Agentic AI Brings New Attention to CPUs in the AI Data Center

Mar 13, 2026

Futuristic data center with glowing lights

At a glance:

Always part of the AI process, CPUs have a new level of importance as agentic AI requires more logic and more management of GPUs.
As agentic AI proliferates, inference becomes a multistep workflow driving new demand for CPU compute.
In modern AI clusters, CPUs do the critical system work that keeps accelerators productive: scheduling, data prep, memory and I/O, and control flow.
AMD EPYC™ server CPUs help customers build balanced, open AI infrastructure working in lockstep with AMD Instinct™ GPUs, AMD Pensando™ networking technologies, and the AMD ROCm™ software stack.

At the AMD Advancing AI event last June, CEO and Chair Dr. Lisa Su described agentic AI as a new class of user: systems that are always active, continuously accessing data, applications, and services to make decisions and complete complex tasks.

These systems rely on high-performance GPUs to generate insights in real time, but the surrounding infrastructure is just as important. As agentic AI activity grows, high-performance CPUs coordinate workflows, process and move data, and manage the many operations that occur around the model.

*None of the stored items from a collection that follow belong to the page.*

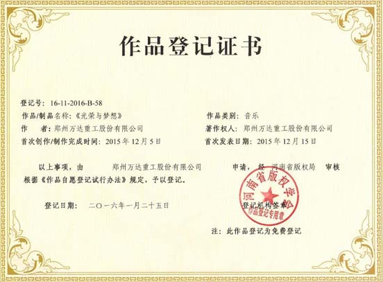 2016/03/04 409 熱烈祝賀鄭州萬達重工股份有限公司司歌《光榮與夢想》通過河南省版權局審核,并榮獲河南省版權局版權證書。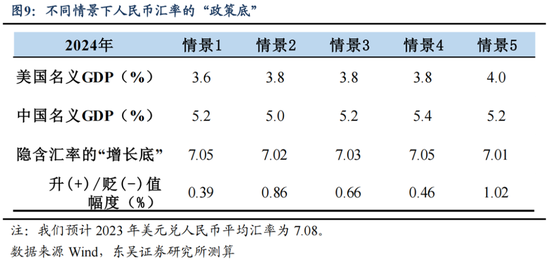 因此,从这个维度我们可以得到人民币汇率“政策底”的两个标准。低标准可能是保证美元计价的GDP增速高于0,而高标准可能是使得中国对于全球经济的拉动不低于美国。按低标准计算,2024年美元兑人民币平均贬值幅度不应高于名义GDP增速,我们预计2024年中国名义GDP增速可能为5.2%,对应人民币汇率的贬值底线为7.45。而按高标准计算,根据IMF预测2024年美国名义GDP增速约为3.8%,对应中国经济增速应为5.9%,这需要2024年人民币额外升值0.7%,对应人民币汇率的底线是7.03。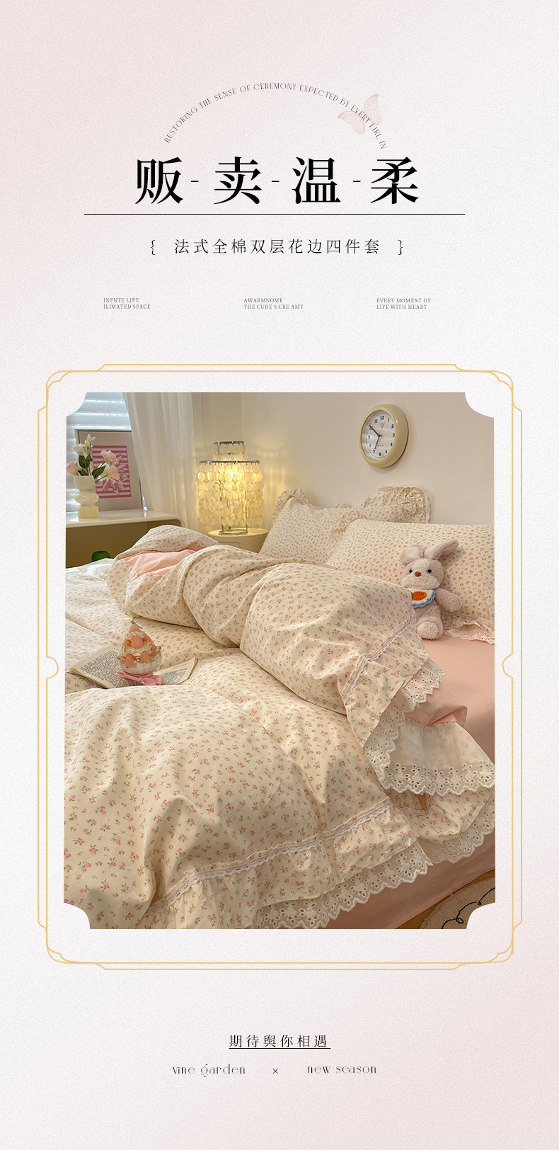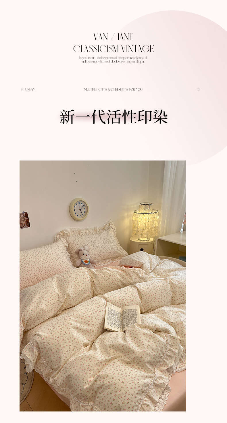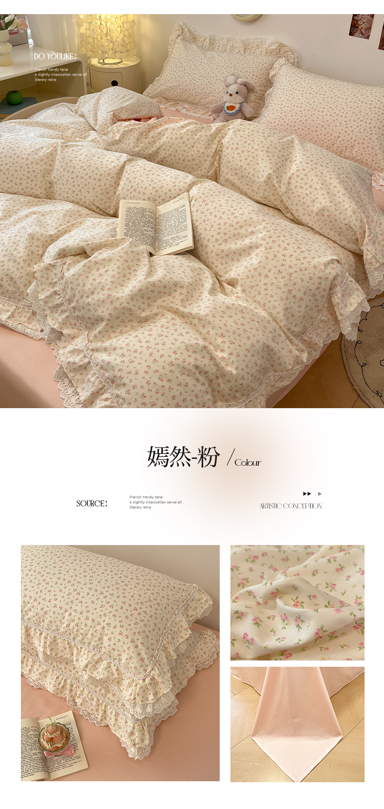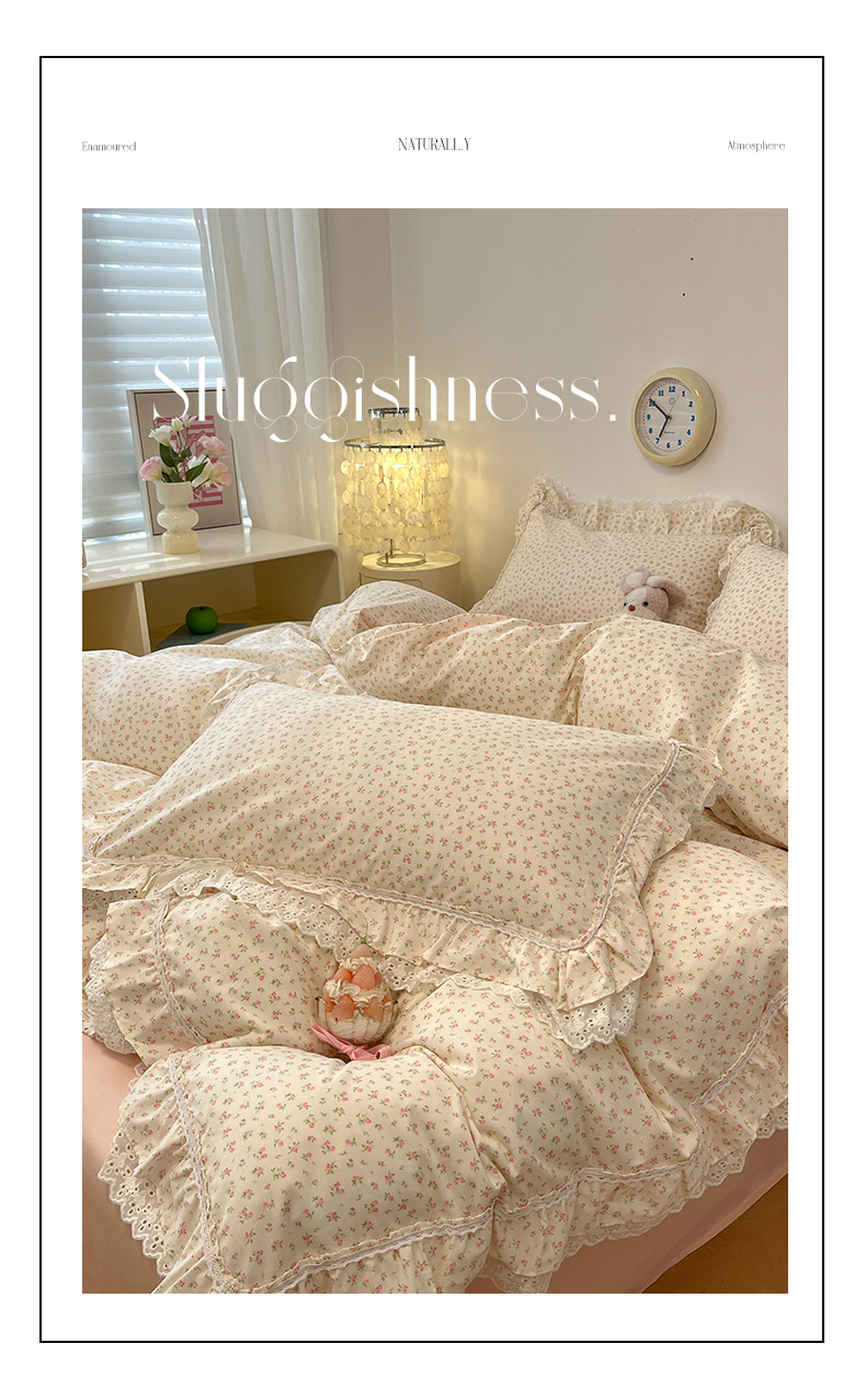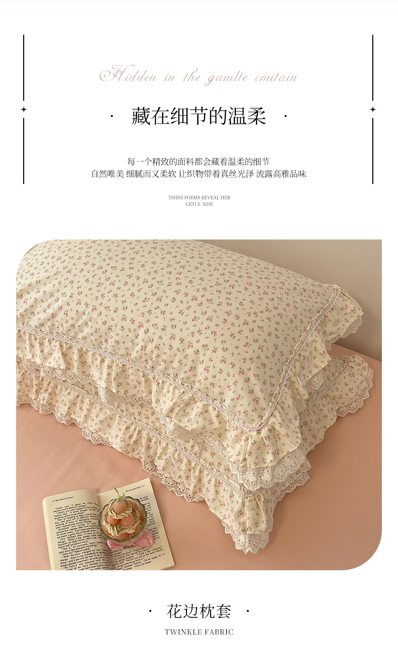 当前位置: 91家纺网 > 商品网购 > 床品套件 > 四件套 > 全棉普通四件套 > 蓝邻家纺 2025年新款全棉法式清新公主风双层花边四件套系列 嫣然-粉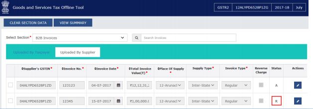 The Select section details tab appears. To view and edit the details or records at the rate level, click the edit button and move to the rate level records. You can modify the total invoice value, taxable value and rates.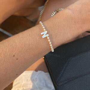 Pulsera beads & gold inicial nacar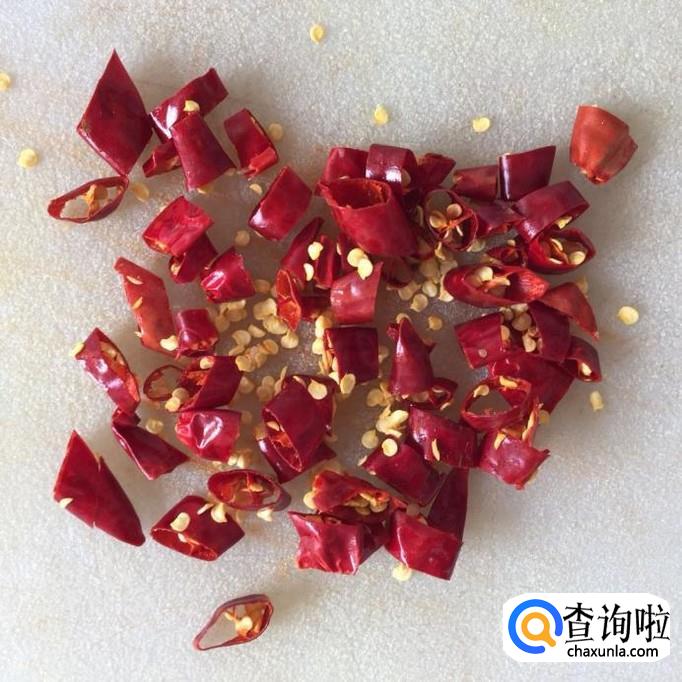 取一把干红辣椒,稍微清洗一下再切成小碎块;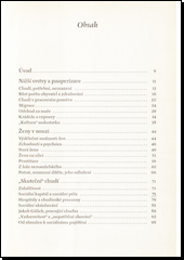 Autor věnuje pozornost lidem žijícím na okraji společnosti a sleduje tento sociální fenomén v epoše dlouhé čtyři sta let. V jednotlivých větších tématických celcích rozebírá skupiny pauperizovaného obyvatelstva - chudé a zchudlé, ženy, které se ocitly v nouzi, žebráky, ale i zloděje, podvodníky a loupeživé bandy. Snaží se dopátrat příčin jejich pádu na dno společenského systému, a to nejen ekonomických. Zvláštní kapitola se zabývá Cikány jako vyčleněné skupině sociálně i kulturně odlišné. V celé knize se autor souběžně věnuje i pokusům o řešení tohoto společenského problému a vývoji sociální péče - od almužen až po organizovaný systém sociální pomoci. Výklad - neobyčejně podrobný - je ilustrován skutečnými lidskými příběhy z těchto společenských skupin. Závěrečná autorova poznámka poukazuje na fakt, že ani naše současnost ještě tento problém zdaleka nevyřešila a že staré předsudky často přetrvávají celá staletí.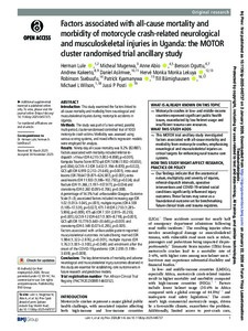 Factors associated with all-cause mortality and morbidity of motorcycle crash-related neurological and musculoskeletal injuries in Uganda: the MOTOR cluster randomised trial ancillary study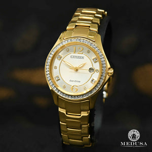 Une déclaration chatoyante est faite avec le dernier ajout à la collection Crystal. Cette montre élégante brille de mille feux avec 70 cristaux entourant le boîtier en acier inoxydable doré et le cadran champagne à 3 aiguilles et possède un bracelet en acier inoxydable doré fermé par une boucle déployante. Dotée de notre technologie Eco-Drive qui est alimentée de manière durable par n'importe quelle lumière et n'a jamais besoin de batterie, cette montre tendance ajoutera de l'éclat à votre look de jour comme de soirée et une élégance moderne à votre poignet.

While GPUs excel at the high-throughput parallel processing used in AI training and many inference tasks, modern AI deployments depend on balanced systems. CPUs, GPUs, networking, and software each play distinct roles in delivering performance at scale.

Within these environments, CPUs orchestrate workloads, manage memory and data movement, and support the enterprise applications that run alongside AI models in production. That makes CPU performance and efficiency more important than ever in the overall performance of modern AI infrastructure.

In recently published data, a 5th Gen AMD EPYC CPU-based system is estimated to show up to 2.1x higher performance per core against comparable Nvidia Grace Superchip-based systems.¹The same AMD EPYC CPU-based system compared to the same Nvidia Grace Superchip-based system is estimated to deliver up to 2.26x uplift on SPECpower,²measuring operations per watt.

Just as importantly, the x86 CPU architecture gives customers the advantage of a broad, proven software ecosystem with the vast majority of enterprise workloads already running natively across on-prem and cloud environments; without the refactoring, recompiling, and multiple code bases that often come with adding Arm-based systems.

How CPUs and GPUs Work Together

Think of the relationship between CPUs and GPUs in AI data centers as that of a head coach with a team of agile athletes.

The CPU head coach calls the plays, reacts to the other team, watches the clock and keeps all the players moving in the right direction. GPUs are the players, each of them specializing in one very efficient part of one play at a time.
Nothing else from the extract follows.